From this chart we can infer three main ideas:
Although the Color feature ranked with J the best and D the lowest, these colornames/letters are found at all price ranges. For Example, a J color does not automatically mean that a Diamond is worth much more.
Looking at the chart that is cropped to a Price of $1,000, it is easier to see that the Color ranks do correspond roughly to how common each color class is. We see that J is the least common of the Colors, and the others are roughly ranked as more numerous or more commonly found the closer to the D end of the scale.
Finally, from the individiaul plots we can tell that the actual price range and distribution is very large for each color, althought certian colors are more common at certain price ranges the range of prices is broadly distributed in the color categories.
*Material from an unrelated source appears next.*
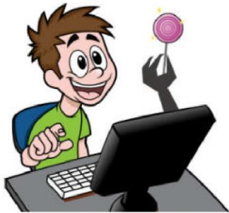
A Parent's Guide to Online Grooming
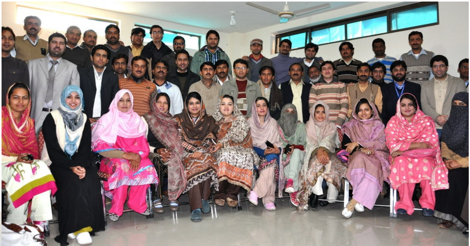
Islamic Relief staff from Multan poses for a group photo during their visit to Country Office, Islamabad.

#More Price to Color Frequencies
```{r Plot_Price_Freq4}
#This code provides the table of Counts for Diamonds of this Color
table(pf$color)
#This code provides the table of Sums for Diamond's Prices of this Color
by(pf$price, pf$color, sum)
```
The above table lists the quantities of diamonds by color, and then sums the prices for all diamonds of that color.
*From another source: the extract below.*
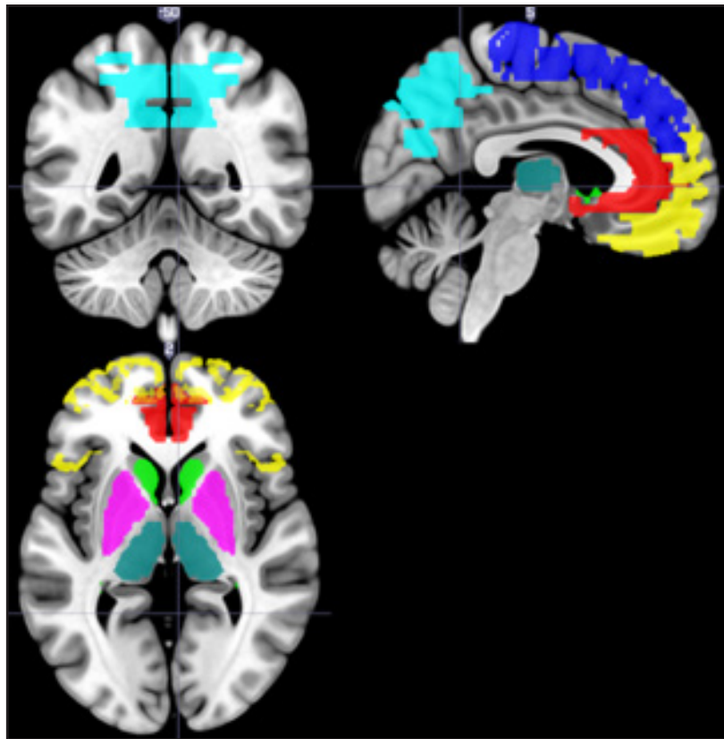
Figure 1. Brain image showing the regions of interests used for analysis. Regions of interest have been labelled using coloured fills. Yellow: orbito-frontal cortex; dark blue: medial frontal gyrus; red: anterior cingulate gyrus; light green: caudate; cyan: lenticular nucleus; dark green: thalamus; light blue: superior parietal lobule and precuneus.

performed (TR = 8.1 msec, TE = 3.7 msec, nutation angle = 8 degree, FOV = 256 mm, slice thickness = 1 mm without interslice gap, NEX = 1, matrix = 256*256) yielding 165 sagittal slices. The voxel size was 1mm*1mm*1mm.

## Examining the Cut Variable
```{r Plot_Cut}
qplot(x = pf$cut, y= price, xlab = "cut",
data= pf,
geom = "boxplot") +
coord_cartesian(ylim = c(0, 18500))
```
Strangely the cuts, although graded on a scale from Fair to Ideal, do not seem to have a clearly positive relationship to increase in price.
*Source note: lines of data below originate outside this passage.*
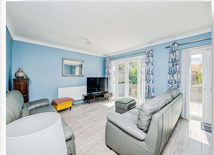
Ael-Y-Bryn, Llanedeyrn Cardiff CF23 9LH
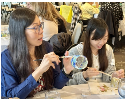
Creating an artifact for the prayer tables
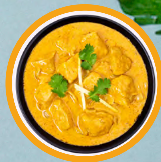
Korma Gravy 1Kg

In summary, several factors affect the price of a diamond in the dataset, with rare color, and size appearing as the two strongest predictors. But even the easiest relationship to see in size/carat is not necessarily fully predictive since there is considerable variation in the prices of the 2.5 - 5.0 carat price range. To determine a full understanding, a model or algorithm would need to be applied.